--- Task to complete ---
Every entry must reappear in your answer exactly as written, though its pictures must not.

(Stored data)
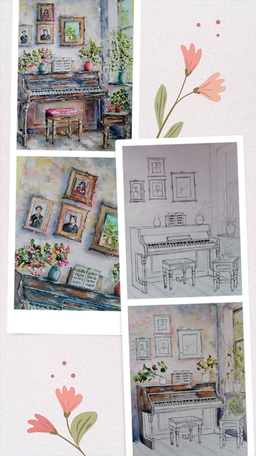 A papíron minden réteg önálló életet kezd élni: a színek áttetszően siklanak egymásba, majd lassan testet adnak a házaknak, ablakoknak, régi emlékeknek. Ez az én saját játékom a festékkel és a vízzel
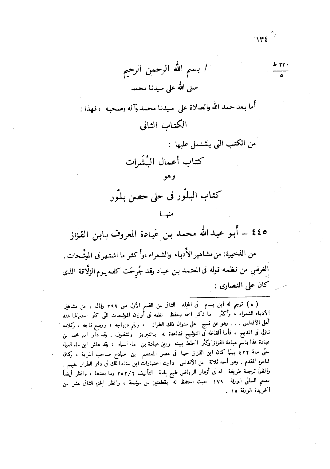 بِسم الله الرَّحْمَن الرَّحِيم صلى الله على سيدنَا مُحَمَّد أما بعد حمد الله وَالصَّلَاة على سيدنَا مُحَمَّد وَآله وَصَحبه فَهَذَا الْكتاب الثَّانِي من الْكتب الَّتِي يشْتَمل عَلَيْهَا كتاب أَعمال البشرات وَهُوَ كتاب البلور فِي حلي حصن بلور مِنْهَا
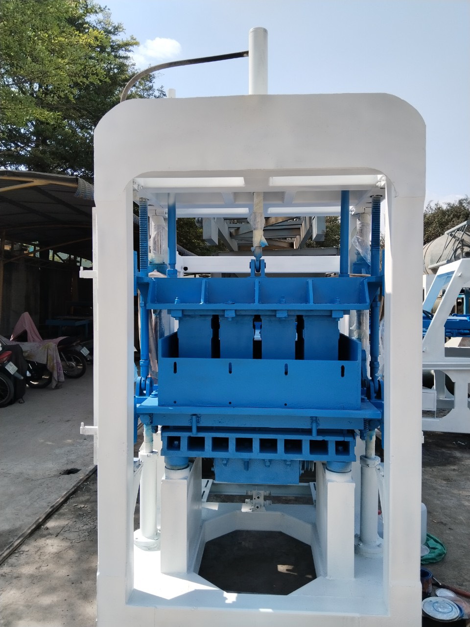 - Là gì: Thiết bị sản xuất gạch bằng hỗn hợp xi măng, cát, phụ gia, không dùng nung.
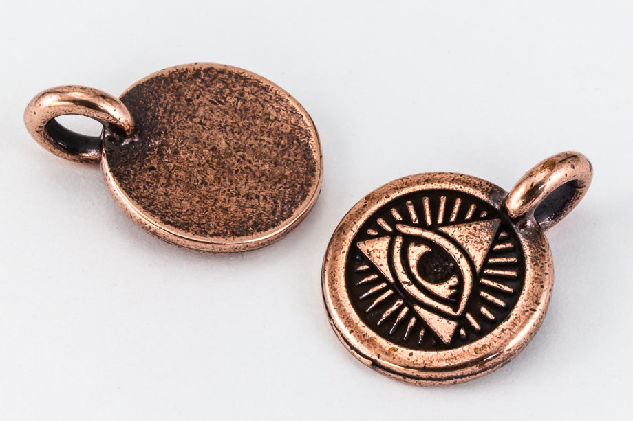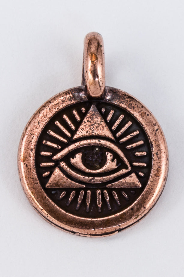 16.6mm x 12.1mm antique copper Eye of Providence charm with loop at top.
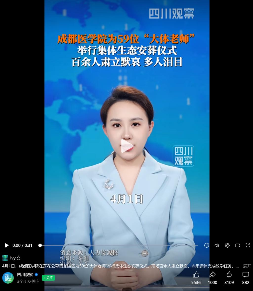 上一条:九派新闻微信视频号:4月1日,四川成都,59位大体老师集体安葬,39岁教师临终选择捐献遗体,家属:我同意了,因为我是人民警察,我和妻子也想捐献遗体,和儿子一路。 下一条:新华每日电讯:成都医学院为“大体老师”举行集体安葬仪式,致敬以身躯为医学生引路的“无语良师”们。传递薪火,大爱无疆!
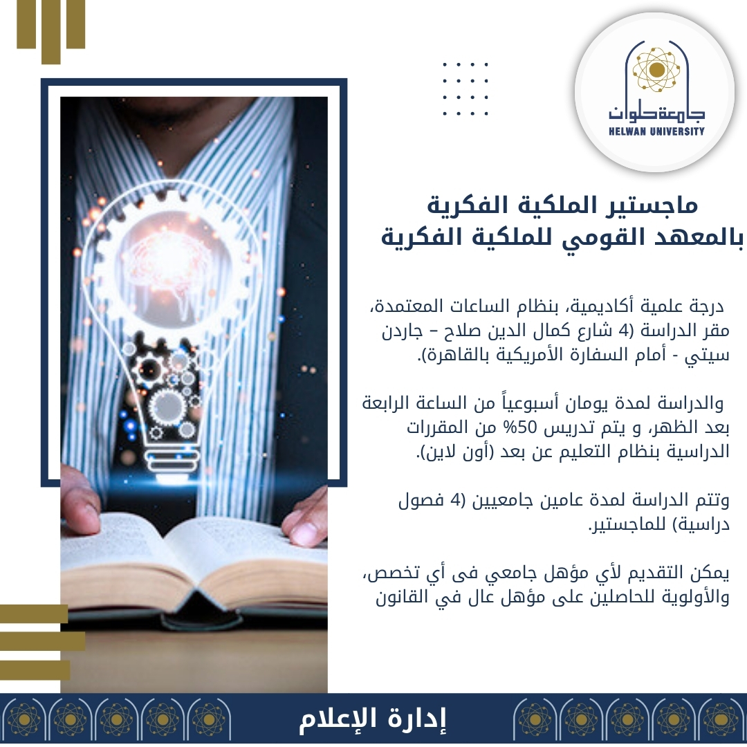 تعرف على ماجستير الملكية الفكرية بالمعهد القومي بجامعة حلوان
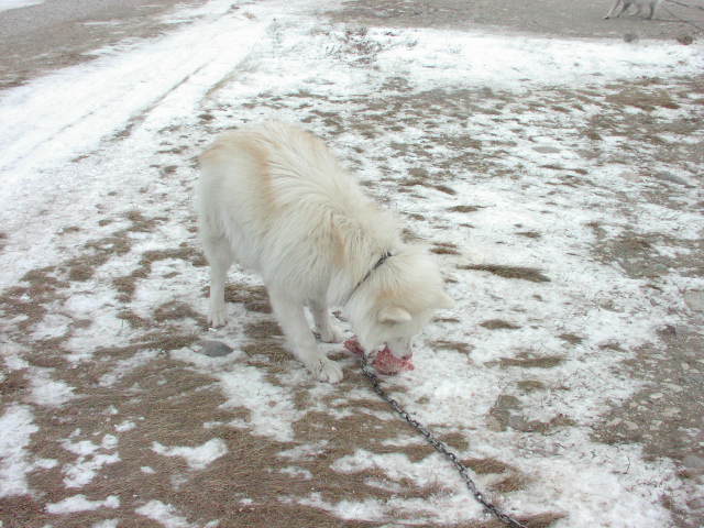 Tableで知り合いました。自分が食事していた時にお酒飲んでいて話をし知り合えたんです。この方、実に凄い人でした。世界の半分のカナディアン・ハスキー犬をひとりで全て面倒見ています。これは餌やりの光景です。トラックに肉の塊を大量に載せていて、それを斧で切って細かくしこれをこいつらに与えていくんです。実に豪快です。 |
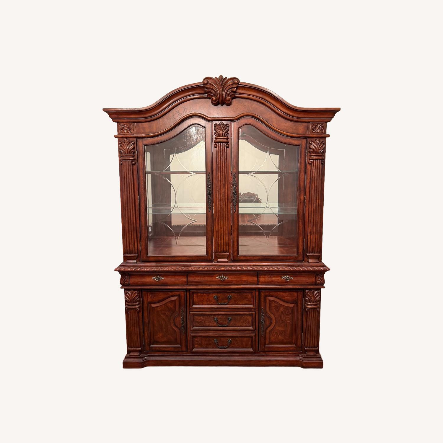 Seller's Notes: Beautiful solid wood china cabinet for sale. Classic carved details with glass display doors. • Width: 64” • Height: 87” • Depth: approx. 18–20” • Built-in interior lighting with 3 adjustable brightness levels Very clean and sturdy. Great for displaying china, glassware, or collectibles.

--- Answer to this exercise ---
 A papíron minden réteg önálló életet kezd élni: a színek áttetszően siklanak egymásba, majd lassan testet adnak a házaknak, ablakoknak, régi emlékeknek. Ez az én saját játékom a festékkel és a vízzel
 بِسم الله الرَّحْمَن الرَّحِيم صلى الله على سيدنَا مُحَمَّد أما بعد حمد الله وَالصَّلَاة على سيدنَا مُحَمَّد وَآله وَصَحبه فَهَذَا الْكتاب الثَّانِي من الْكتب الَّتِي يشْتَمل عَلَيْهَا كتاب أَعمال البشرات وَهُوَ كتاب البلور فِي حلي حصن بلور مِنْهَا
 - Là gì: Thiết bị sản xuất gạch bằng hỗn hợp xi măng, cát, phụ gia, không dùng nung.
 16.6mm x 12.1mm antique copper Eye of Providence charm with loop at top.
 上一条:九派新闻微信视频号:4月1日,四川成都,59位大体老师集体安葬,39岁教师临终选择捐献遗体,家属:我同意了,因为我是人民警察,我和妻子也想捐献遗体,和儿子一路。 下一条:新华每日电讯:成都医学院为“大体老师”举行集体安葬仪式,致敬以身躯为医学生引路的“无语良师”们。传递薪火,大爱无疆!
 تعرف على ماجستير الملكية الفكرية بالمعهد القومي بجامعة حلوان
 Tableで知り合いました。自分が食事していた時にお酒飲んでいて話をし知り合えたんです。この方、実に凄い人でした。世界の半分のカナディアン・ハスキー犬をひとりで全て面倒見ています。これは餌やりの光景です。トラックに肉の塊を大量に載せていて、それを斧で切って細かくしこれをこいつらに与えていくんです。実に豪快です。 |
 Seller's Notes: Beautiful solid wood china cabinet for sale. Classic carved details with glass display doors. • Width: 64” • Height: 87” • Depth: approx. 18–20” • Built-in interior lighting with 3 adjustable brightness levels Very clean and sturdy. Great for displaying china, glassware, or collectibles.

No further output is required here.